Following the mine plan, the development and production quality parameters and seam extraction height can be scheduled to identify the achievable production rates and the optimum utilization of the available resources. These software packages and mechanized mining methods have improved the economics of underground coal mining operations, despite high capital investments.
Open Pit Mining
The old adage that “bigger is better” manifests itself in open cut mining for coal. In the last decade, open pit mining equipment has exploded in size and productivity. Coal mines have benefited greatly from the technology boom, as previously “unmineable” resources are now well within the capabilities of the new generation of equipment. Open pit coal mines are typically large, table-like, flat-lying deposits with minimal cover. Since coal is extremely susceptible to oxidation, the deposit must be thick enough to absorb a degree of oxidation without losing its economic value. The equipment used to mine the overburden must maintain a high level of productivity to ensure that such deposits can be mined economically.

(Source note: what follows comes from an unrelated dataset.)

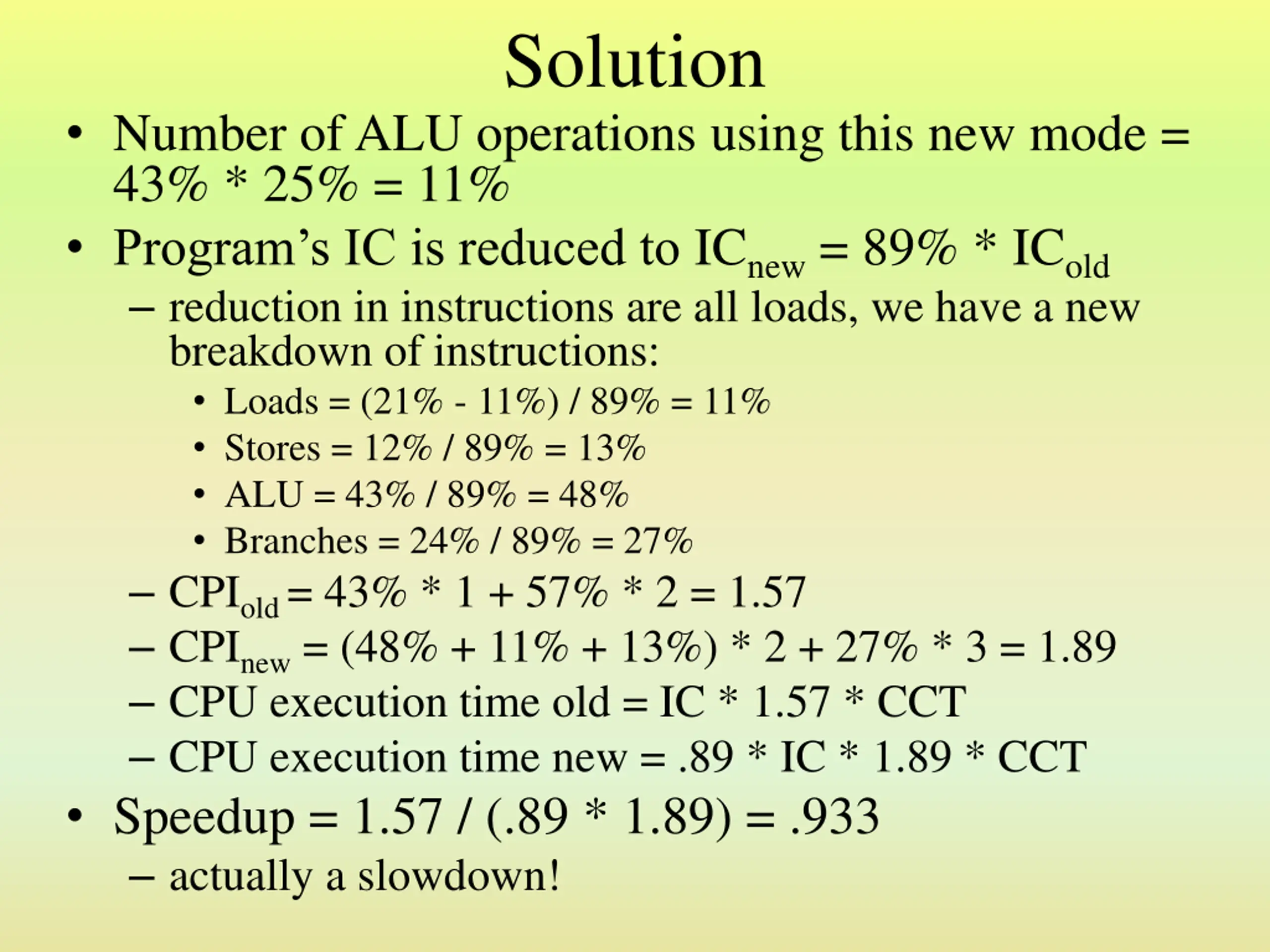 Solution Number of ALU operations using this new mode = 43% * 25% = 11% Program s IC is reduced to ICnew = 89% * ICold reduction in instructions are all loads, we have a new breakdown of instructions: Loads = (21% - 11%) / 89% = 11% Stores = 12% / 89% = 13% ALU = 43% / 89% = 48% Branches = 24% / 89% = 27% CPIold = 43% * 1 + 57% * 2 = 1.57 CPInew = (48% + 11% + 13%) * 2 + 27% * 3 = 1.89 CPU execution time old = IC * 1.57 * CCT CPU execution time new = .89 * IC * 1.89 * CCT Speedup = 1.57 / (.89 * 1.89) = .933 actually a slowdown!

Typically, it was assumed that open pit coal mines required dragline excavators – the massive slow moving machines that compensate for their ungainly movements with the sheer size of the bucket that moves waste material. Today, advances in truck and shovel technology allow quick-moving, extremely mobile fleets of hydraulic excavators, shovels, and haul trucks to reach, and even exceed, the productivity levels of draglines. Instead of tying up tens of millions of dollars in a single piece of excavating equipment, it is possible to obtain three or more excavators for the same price as a single dragline – and still maintain production levels, while increasing the availability and utilization of the fleet. Continued advances in technology successfully provide operators the tools to monitor fleet productivity and equipment performance that prevent breakdowns before they happen, ensuring that the open pit operations will continue to produce for years to come.